GSoC project planning: SemVer specification and tool architecture overview


As I am now working on the GSoC project discussed in a previous thread, I now reach out to the wider community to get a few things out of the way with regards to the what and how of implementing the proposed system.

A quick reminder: The goal is to implement a tool to check whether a library crate adheres to the semantic versioning specification, and to generate a recommended version number for the unpublished version being analyzed. Before implementatin work on this can start, major design concepts have to be agreed upon, and a consistent specification of semantic versioning as it applies to Rust has to be described. The following gist elaborates on these two aspects and will serve as a reference during development. All comments and suggestions are welcome.

I’m glad to work on this project and open to discussion about the approach(es) outlined above, and like to thank everybody who already participated in such. While I’m not a fan of a formal introduction, one can get in touch over IRC instead, where I use the same nickname (and should be available most of the time).

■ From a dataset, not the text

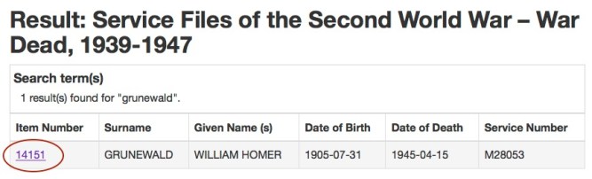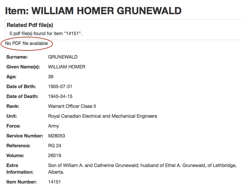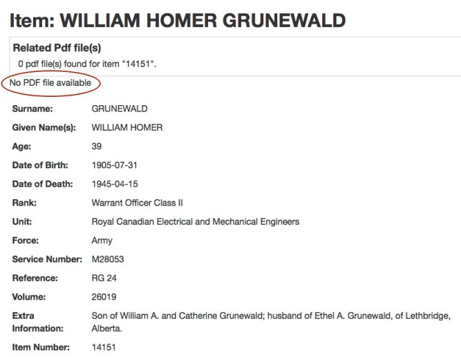 2. If the page indicates “No PDF file available” then the service file is not available directly from LAC but can be viewed for free on Ancestry.ca in their “Canada, WWII Services Files of War Dead, 1939-1947” record set. If you don’t have an Ancestry account you’ll need to create a free guest account but you do not require a subscription. There is an Ancestry page that includes more information on creating Free Accounts.

It looks like a great start to me!

AFAIK, the API evolution RFC is still in effect, so I suspect you’ll want to give that a careful read. The RFC talks about a number of other technically breaking changes that aren’t (or shouldn’t be) considered as semver incompatible. For example, adding a new default method to a trait can technically break downstream code, but we don’t release a new major version when adding such a new method. There are several other cases like that outlined in the RFC.

In practice, at least when considering std, we will not make a minor version if it breaks a lot of public crates, so there is an element of judgment involved here that an automatic tool can’t capture. (Which I think is OK! Just worth mentioning. :-))


There’s currently an RFC on Public/Private Dependencies under discussion that would be relevant to

For example, if crate a depends on crates b and c, and b depends on c, then b needs to update it’s major version, if it begins to depend on a new major version of c, as otherwise a could face a transitive dependency conflict.

Specifically if b were to have a private dependency on c then incrementing the major version of b's dependency on c wouldn’t be a breaking change.

I guess there’s no chance of that being merged and implemented in time to affect this project, but it might be something to keep in mind as a likely future extension needed.


Oh, I didn’t know this was accepted. Congrats! I was soon going to write something and how the chalk + trait stuff might be possible to leverage for lots of this.


How would it differ from leveraging the current compiler architecture, which offers type inference via HM-like unification, trait queries and even a fulfillment context (which we also had before chalk)?


The compat modality encodes the compatability relation.

not { compat { not { new interface }}

this, asked in the context of the old interface is “does there exist a compatible crate entailing this interface”.

Now I don’t mean to say that will just work out of the box—from some quick research prolog only does HORNSAT, while what I wrote requires real SAT. We’ll probably need at least to implement the dual (diamond or similar) modality more directly. Overlapping impl checking also seems impossible to do with just horn clauses, and in any event a single authoritative implementation of the compatability relation in rustc for all uses strikes me as an exciting goal.

What are “fulfillment contexts”? I don’t mean to say progress can’t already be made with rustc. As with everything I dream up, it will best-case serve as a long term plan :).


A growable set of “obligations” (pending predicates, especially those involving inference variables) which get resolved “behind the scenes” (in some arbitrary order), resulting in types being inferred and/or errors produced.

It’s the trait (more generally, predicate) equivalent of an (HM) inference context.


I’m skeptical that there is much value in mechanically checking semver compatibility (or for that matter, that semver is all it’s cracked up to be). At best you can mechanically check that a code change is unlikely to cause compile errors in clients, but that isn’t the same thing as detecting breakages.

This would be both too lax, in that it allows semantic breakages which don’t change the API, and too strict, in flagging changes as backwards incompatible that wouldn’t break any real world code.


Great that this project is getting of the ground now. Together with a friend I started semantic-rs a while ago. Initially we’re relying on commit annotations to make version decisions, but we always had the idea to automate this to some extend using automatic SemVer compat issues.

We would be happy to assist in your upcoming project and maybe taking it as the backend library for our tool at some point.


I think it fits perfectly to the overall design of rust: It doesn’t ensure that your program is bug free, can’t crash or - in this case - is semver compatible. It just gives you strong guarantees that prohibit some of the most common and most severe problems, such as dangling pointers in the core language or - in this case - api breakage in the case of libraries using this tool.

Elm, which did inspire this project, has a similiar tool shipped with their package manager and advertises as main language feature. API breakage might not seem to be a problem coming from an established language with ḿature ecosystem and well written frameworks. But if had your typescript web-app suddenly fail to build because someone changed the api of a major component in a patch-level release, then you really wish such a tool would have existed.


To be fair, due to Elm’s significantly simpler type system, their implementation fits in less than 1k loc and from a quick glance seemed to cover strong guarantees. I still agree with your position (otherwise I wouldn’t have applied for this project), but I thought this should be pointed out.